Record excerpts Start Marker

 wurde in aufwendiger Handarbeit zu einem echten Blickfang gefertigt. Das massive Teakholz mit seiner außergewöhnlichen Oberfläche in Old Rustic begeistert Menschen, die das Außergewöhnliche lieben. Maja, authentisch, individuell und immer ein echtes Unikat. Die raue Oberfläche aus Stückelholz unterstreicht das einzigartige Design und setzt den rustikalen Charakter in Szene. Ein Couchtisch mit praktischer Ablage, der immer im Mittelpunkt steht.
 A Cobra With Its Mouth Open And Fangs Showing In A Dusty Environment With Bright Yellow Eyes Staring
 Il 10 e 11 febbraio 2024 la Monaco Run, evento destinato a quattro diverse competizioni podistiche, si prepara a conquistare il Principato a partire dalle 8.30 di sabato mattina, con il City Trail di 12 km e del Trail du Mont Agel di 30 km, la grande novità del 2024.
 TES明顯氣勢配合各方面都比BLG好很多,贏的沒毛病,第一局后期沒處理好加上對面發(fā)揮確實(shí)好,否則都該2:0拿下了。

Record excerpts End Marker
Record excerpts Start Marker

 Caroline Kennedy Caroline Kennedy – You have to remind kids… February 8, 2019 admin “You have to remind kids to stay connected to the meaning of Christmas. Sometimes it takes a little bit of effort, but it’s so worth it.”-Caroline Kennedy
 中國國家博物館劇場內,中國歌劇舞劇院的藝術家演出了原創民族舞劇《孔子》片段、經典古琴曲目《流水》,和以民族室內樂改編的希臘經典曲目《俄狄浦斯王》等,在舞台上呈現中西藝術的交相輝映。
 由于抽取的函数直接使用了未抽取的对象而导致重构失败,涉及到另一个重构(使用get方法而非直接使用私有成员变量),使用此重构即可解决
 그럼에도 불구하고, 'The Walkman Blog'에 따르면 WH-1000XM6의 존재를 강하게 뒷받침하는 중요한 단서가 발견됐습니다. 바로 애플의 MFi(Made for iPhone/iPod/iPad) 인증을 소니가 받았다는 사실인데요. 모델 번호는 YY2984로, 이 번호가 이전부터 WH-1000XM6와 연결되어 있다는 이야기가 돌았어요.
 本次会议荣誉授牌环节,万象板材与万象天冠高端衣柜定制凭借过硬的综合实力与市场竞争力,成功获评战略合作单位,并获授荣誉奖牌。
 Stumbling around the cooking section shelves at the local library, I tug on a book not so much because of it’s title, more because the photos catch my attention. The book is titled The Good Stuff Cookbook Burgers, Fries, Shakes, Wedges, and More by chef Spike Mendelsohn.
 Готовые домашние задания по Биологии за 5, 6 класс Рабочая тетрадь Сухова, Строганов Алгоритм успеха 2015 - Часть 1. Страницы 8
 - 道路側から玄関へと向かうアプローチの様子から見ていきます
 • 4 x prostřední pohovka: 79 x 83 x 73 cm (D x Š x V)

Record excerpts End Marker

:: Work to complete ::
Output should match, line for line, the stretch of the material above from the line holding "Il 10 e 11 febbraio" through the line holding "TES明顯氣勢配合各方面都比".

:: Your solution ::
 Il 10 e 11 febbraio 2024 la Monaco Run, evento destinato a quattro diverse competizioni podistiche, si prepara a conquistare il Principato a partire dalle 8.30 di sabato mattina, con il City Trail di 12 km e del Trail du Mont Agel di 30 km, la grande novità del 2024.
 TES明顯氣勢配合各方面都比BLG好很多,贏的沒毛病,第一局后期沒處理好加上對面發(fā)揮確實(shí)好,否則都該2:0拿下了。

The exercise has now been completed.